Commercial water use should be controlled through a municipal provider, Moscow's letter stated. It also stated that Hawkins' contractors have failed to provide evidence that surface water rights the company plans to transfer to its project site actually filter into the area's aquifer systems.
Solomon claims Hawkins has changed its request from only wanting to withdraw water from the area's shallow aquifer to pumping water from both the shallow and the deep aquifers.
"It is important to recognize that the transfer of water rights from one extreme end of the basin to another is likely to result in unforeseen consequences on water supply, particularly when there is a lack of research data to indicate the presence or absence of aquitards or other forms of hydraulic barriers within the aquifer systems," Solomon's letter stated.
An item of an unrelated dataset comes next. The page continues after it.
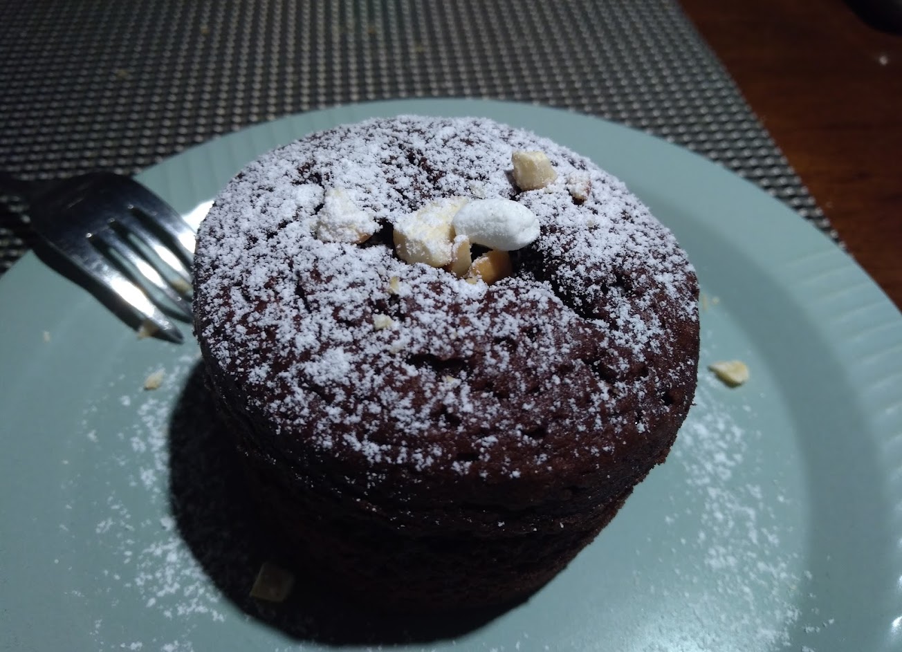 甜點部分熔岩巧克力,我剛好拿到失敗的QQ切開沒有熱熱的巧克力流出導致蛋糕吃起來好乾.可是同桌其他點一樣的都非常成功,整體就好吃非常多~

Representatives for Hawkins were not available for comment. Hawkins Project Manager Jeff Devoe said at a water board meeting in March that the company plans to keep a low profile until all the necessary permits are acquired and construction begins.
The water conservancy board will meet at 7:30 p.m. April 25 at the Public Service Building in Colfax to continue its review of the applications.
Clever picking a method that ensures the matter goes before the Washington Deparment of Ecology. According to last Thursday's Whitman County Gazette, DOE's has already proposed standards on how much water flows through the creeks and rivers of Whitman County could limit development on the Palouse. If the legislature decides to abide by DOE's recommendations, southern Whitman County would only be allowed one well a year for the next 20 years.
Bureaucrats on one side and moonbats on the other. Luckily for Moscow and Latah County, they have had no such restrictions on growth. Last person out of Whitman County, please turn out the lights.